• [Task to carry out]: Give again, word for word, the line holding "СахарОК, студия по" and every line after it through the end of the data below. Omit pictures.

• [Provided data]:
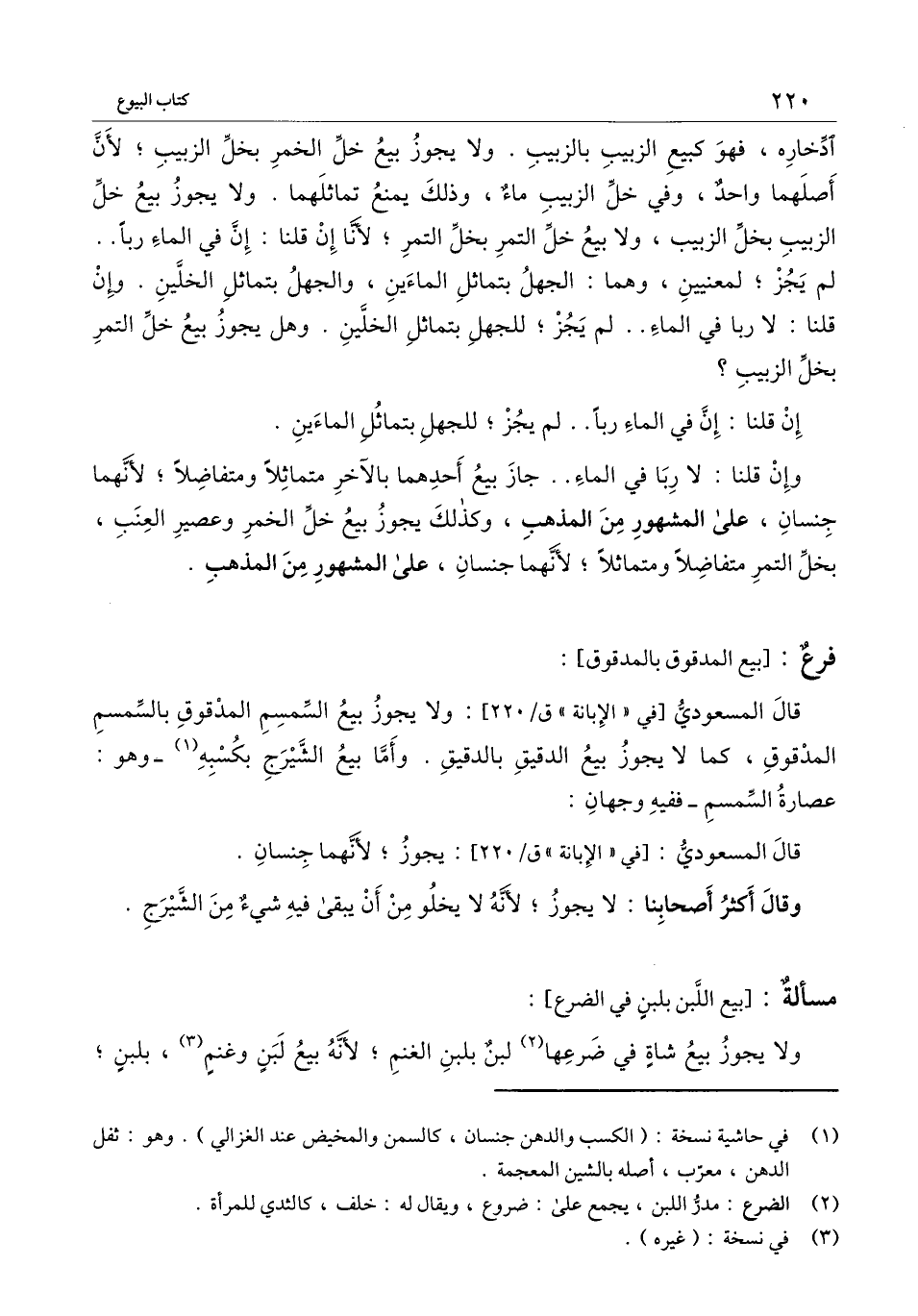 ادّخاره، فهو كبيع الزبيب بالزبيب. ولا يجوز بيع خل الخمر بخل الزبيب؛ لأن أصلهما واحد، وفي خل الزبيب ماء، وذلك يمنع تماثلهما. ولا يجوز بيع خل الزبيب بخل الزبيب، ولا بيع خل التمر بخل التمر؛ لأنّا إن قلنا: إن في الماء ربا.. لم يجز؛ لمعنيين، وهما: الجهل بتماثل الماءين، والجهل بتماثل الخلين. وإن قلنا: لا ربا في الماء.. لم يجز؛ للجهل بتماثل الخلين. وهل يجوز بيع خل التمر بخل الزبيب؟
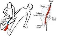 Le premier est le point de compression fémoral, dans le pli de l'aine. On comprime l'artère fémorale contre le fémur (os de la cuisse) ou le bassin, en appuyant le poing fermé, bras tendu, au milieu du pli de l'aine (pli de flexion de la cuisse).
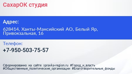 СахарОК, студия по адресу 628414, Ханты-Мансийский АО, Белый Яр, Привокзальная, 16 в дальнейшем Организация, размещена в следующих категориях:
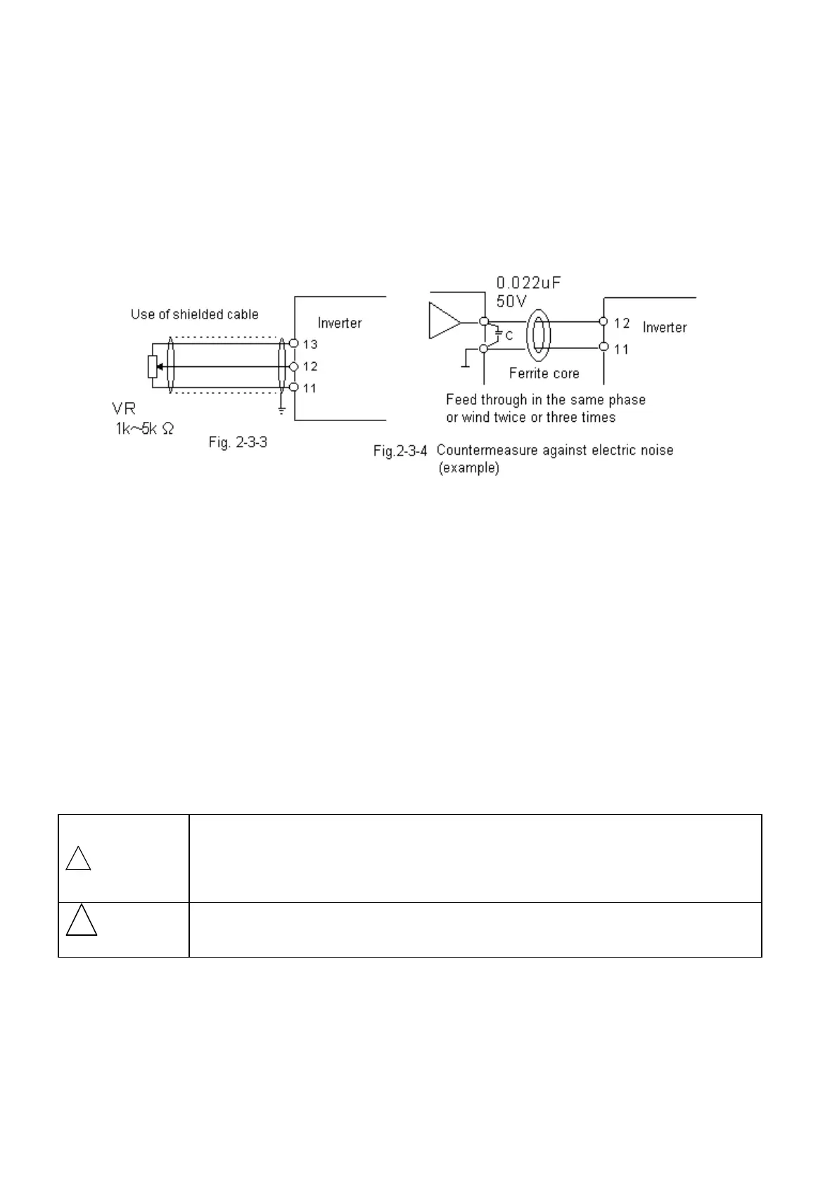 a. Route the wiring of the control terminals as far from the wiring of the main circuit as

• [Answer space]:
 СахарОК, студия по адресу 628414, Ханты-Мансийский АО, Белый Яр, Привокзальная, 16 в дальнейшем Организация, размещена в следующих категориях:
 a. Route the wiring of the control terminals as far from the wiring of the main circuit as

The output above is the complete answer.